If the Philippines fails to join, potential investments may be diverted to RCEP members, he added.

“We should join now. If we don’t join, the investments to increase production will be affected. The investors will go to other countries. That can be an additional input to our production capacity and cut our trade deficit. That is how you address the trade deficit, by having capacity locally so that we can export,” Mr. Lopez said.   

Meanwhile, Rizal Commercial Banking Corp. Chief Economist Michael L. Ricafort said the delay in the country’s participation in RCEP will result in lost opportunities for foreign direct investments (FDIs), imports and exports.

“A foregone opportunity is the potential increase in FDIs to locate in the country as a production/manufacturing and marketing base, especially FDIs of global/multinational companies that are attracted to locate in a RCEP member country in order to also access the bigger export markets of other RCEP member countries as well, as part of managing and hedging their respective global/regional supply chains,” Mr. Ricafort said in a Viber message.

Bank of the Philippine Islands (BPI) Chief Economist Emilio S. Neri, Jr. said in a Viber message that the Philippines may face more supply issues if it does not join RCEP.

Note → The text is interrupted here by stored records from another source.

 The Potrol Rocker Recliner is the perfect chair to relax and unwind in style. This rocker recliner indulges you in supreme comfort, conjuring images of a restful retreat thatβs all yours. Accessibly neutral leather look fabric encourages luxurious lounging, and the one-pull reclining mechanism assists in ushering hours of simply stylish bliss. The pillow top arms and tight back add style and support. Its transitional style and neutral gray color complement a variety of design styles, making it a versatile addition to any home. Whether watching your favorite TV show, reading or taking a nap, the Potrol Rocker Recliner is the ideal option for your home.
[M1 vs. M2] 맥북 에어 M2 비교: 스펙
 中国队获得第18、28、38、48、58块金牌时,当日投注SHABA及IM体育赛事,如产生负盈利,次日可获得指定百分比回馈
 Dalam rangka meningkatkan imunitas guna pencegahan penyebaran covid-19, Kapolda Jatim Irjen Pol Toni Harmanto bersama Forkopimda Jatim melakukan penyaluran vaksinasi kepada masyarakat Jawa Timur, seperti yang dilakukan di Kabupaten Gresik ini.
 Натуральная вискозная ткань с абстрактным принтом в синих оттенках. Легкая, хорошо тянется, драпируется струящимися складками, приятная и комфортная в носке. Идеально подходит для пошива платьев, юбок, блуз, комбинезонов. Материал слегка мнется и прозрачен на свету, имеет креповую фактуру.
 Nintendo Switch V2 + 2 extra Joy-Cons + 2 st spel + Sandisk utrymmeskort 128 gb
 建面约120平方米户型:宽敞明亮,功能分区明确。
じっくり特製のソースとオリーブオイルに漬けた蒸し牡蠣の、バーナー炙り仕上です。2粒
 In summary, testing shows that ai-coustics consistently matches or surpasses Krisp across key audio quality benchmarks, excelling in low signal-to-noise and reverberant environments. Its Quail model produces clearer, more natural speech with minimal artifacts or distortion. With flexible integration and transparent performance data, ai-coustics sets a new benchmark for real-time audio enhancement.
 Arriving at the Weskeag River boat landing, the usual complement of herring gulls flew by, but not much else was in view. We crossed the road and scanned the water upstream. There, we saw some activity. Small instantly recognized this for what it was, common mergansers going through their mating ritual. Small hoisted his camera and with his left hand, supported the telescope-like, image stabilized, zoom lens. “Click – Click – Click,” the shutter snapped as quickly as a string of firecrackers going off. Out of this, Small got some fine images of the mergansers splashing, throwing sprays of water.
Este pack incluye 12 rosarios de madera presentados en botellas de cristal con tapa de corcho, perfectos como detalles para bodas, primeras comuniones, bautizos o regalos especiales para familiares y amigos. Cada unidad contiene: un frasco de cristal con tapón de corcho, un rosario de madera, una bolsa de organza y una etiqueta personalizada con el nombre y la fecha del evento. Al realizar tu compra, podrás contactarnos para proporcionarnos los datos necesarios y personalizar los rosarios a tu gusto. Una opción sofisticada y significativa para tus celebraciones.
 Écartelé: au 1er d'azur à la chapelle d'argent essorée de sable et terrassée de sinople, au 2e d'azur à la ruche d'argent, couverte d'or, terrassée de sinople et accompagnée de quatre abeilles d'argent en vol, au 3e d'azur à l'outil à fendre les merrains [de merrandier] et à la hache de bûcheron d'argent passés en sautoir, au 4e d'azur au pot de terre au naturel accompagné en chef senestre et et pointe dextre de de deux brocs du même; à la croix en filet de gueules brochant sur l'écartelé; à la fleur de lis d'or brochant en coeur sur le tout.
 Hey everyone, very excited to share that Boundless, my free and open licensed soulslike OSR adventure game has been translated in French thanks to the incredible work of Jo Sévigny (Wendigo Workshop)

“The Philippines will miss out a lot if it fails to join RCEP. The country may suffer from food supply and other supply chain-related challenges that can worsen combined inflation and economic stagnation resulting from the armed conflict in Eastern Europe and the persistent global supply chain issues,” Mr. Neri said. 

In case the Senate fails to act, the RCEP ratification may have to wait until the 19th Congress opens its first session on July 25.

RCEP has faced strong opposition from the local agriculture industry groups, saying that the sector is not ready for free trade in the global market.